• _Instructions to follow_
What lines in the records include the string "Cummins"? Return each one.

• _Source records_
++++++++
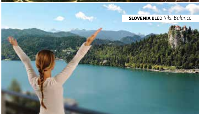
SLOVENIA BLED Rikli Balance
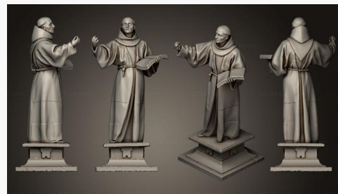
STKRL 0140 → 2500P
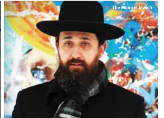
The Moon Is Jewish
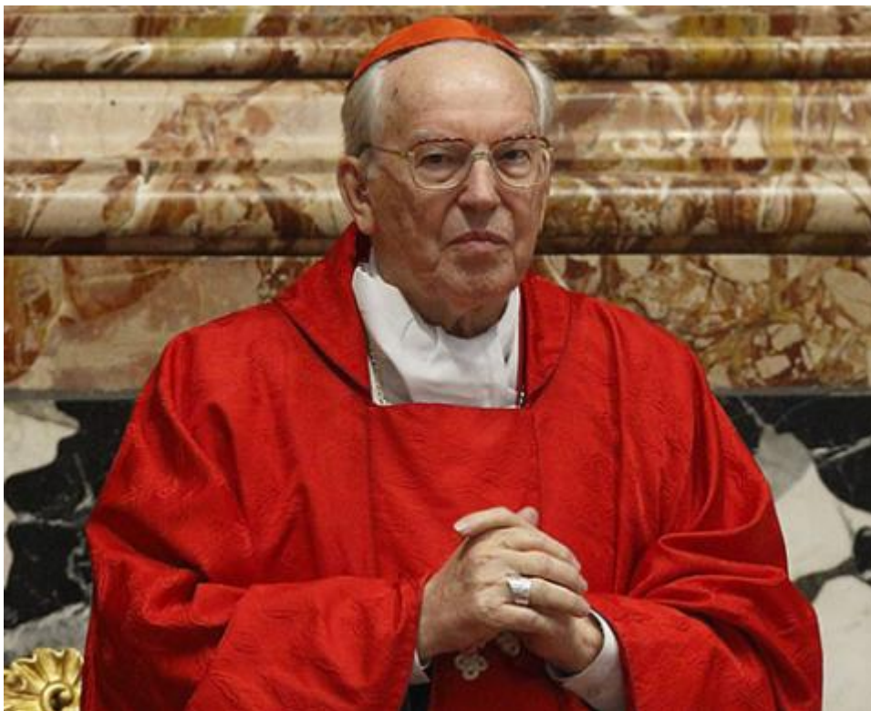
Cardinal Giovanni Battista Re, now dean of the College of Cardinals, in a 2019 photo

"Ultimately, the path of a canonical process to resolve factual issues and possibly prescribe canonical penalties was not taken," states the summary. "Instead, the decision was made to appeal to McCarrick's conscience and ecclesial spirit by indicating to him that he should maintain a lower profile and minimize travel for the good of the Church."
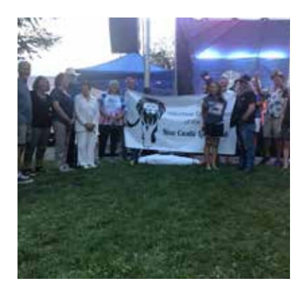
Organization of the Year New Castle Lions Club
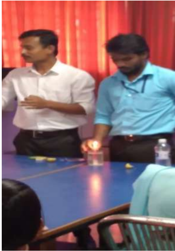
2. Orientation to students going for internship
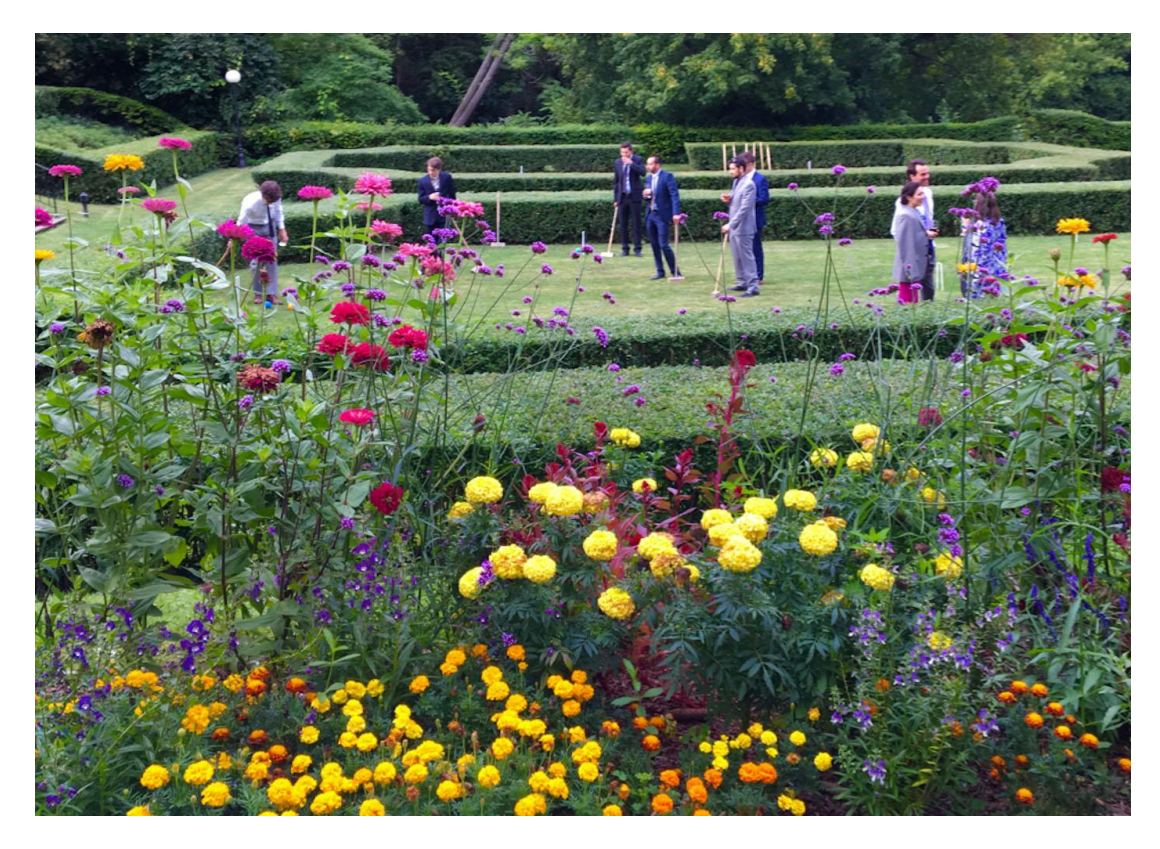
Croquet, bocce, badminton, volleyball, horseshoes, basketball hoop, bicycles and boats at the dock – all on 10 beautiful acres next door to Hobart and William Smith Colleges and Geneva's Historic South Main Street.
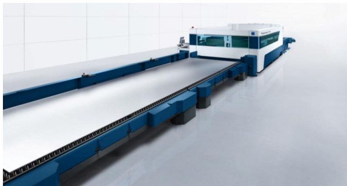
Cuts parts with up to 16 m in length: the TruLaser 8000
++++++++
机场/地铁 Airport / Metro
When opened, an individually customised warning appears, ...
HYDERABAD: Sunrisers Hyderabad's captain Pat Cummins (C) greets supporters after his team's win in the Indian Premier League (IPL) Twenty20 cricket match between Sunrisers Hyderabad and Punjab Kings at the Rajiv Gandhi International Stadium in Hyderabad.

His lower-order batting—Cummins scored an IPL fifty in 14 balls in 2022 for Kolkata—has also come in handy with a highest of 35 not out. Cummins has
++++++++
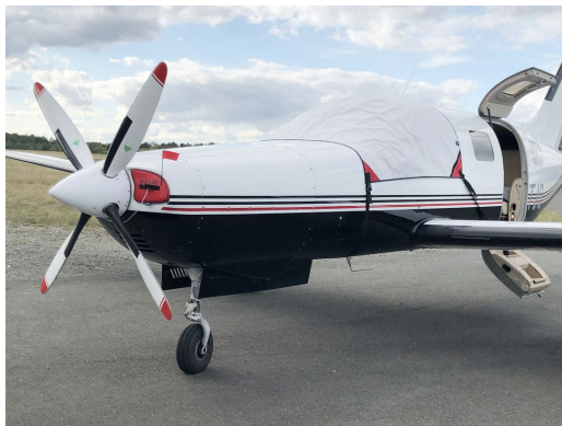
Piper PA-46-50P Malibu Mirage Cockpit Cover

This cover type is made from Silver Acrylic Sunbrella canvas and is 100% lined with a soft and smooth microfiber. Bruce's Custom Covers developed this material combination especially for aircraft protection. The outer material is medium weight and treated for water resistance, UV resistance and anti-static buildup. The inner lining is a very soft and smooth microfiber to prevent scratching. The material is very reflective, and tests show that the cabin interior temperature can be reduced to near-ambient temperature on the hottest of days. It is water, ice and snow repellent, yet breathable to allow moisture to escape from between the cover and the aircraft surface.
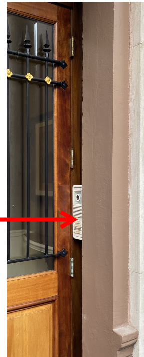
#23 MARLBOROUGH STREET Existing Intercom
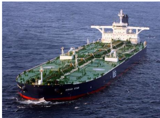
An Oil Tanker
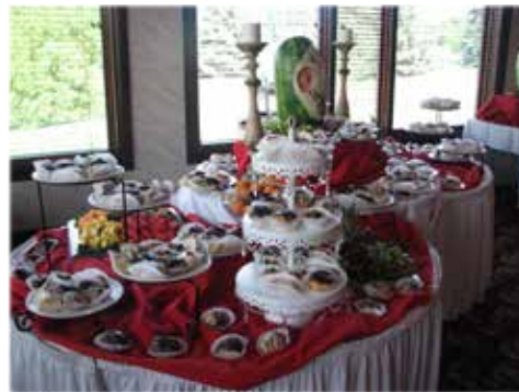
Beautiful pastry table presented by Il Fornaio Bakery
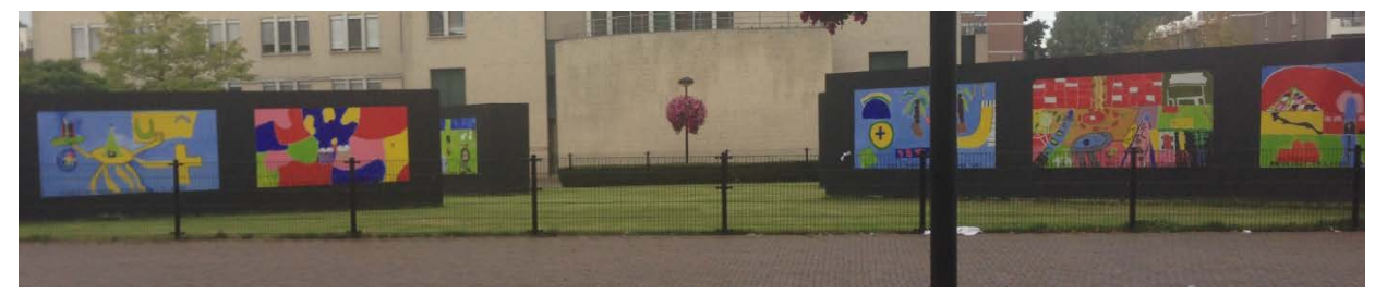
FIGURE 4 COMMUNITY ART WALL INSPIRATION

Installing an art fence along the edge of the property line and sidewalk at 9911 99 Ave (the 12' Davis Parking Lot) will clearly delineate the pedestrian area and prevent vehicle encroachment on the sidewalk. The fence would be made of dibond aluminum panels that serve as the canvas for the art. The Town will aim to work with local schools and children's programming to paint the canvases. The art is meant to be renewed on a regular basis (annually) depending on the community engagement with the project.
++++++++
• _Response for this exercise_
HYDERABAD: Sunrisers Hyderabad's captain Pat Cummins (C) greets supporters after his team's win in the Indian Premier League (IPL) Twenty20 cricket match between Sunrisers Hyderabad and Punjab Kings at the Rajiv Gandhi International Stadium in Hyderabad.
His lower-order batting—Cummins scored an IPL fifty in 14 balls in 2022 for Kolkata—has also come in handy with a highest of 35 not out. Cummins has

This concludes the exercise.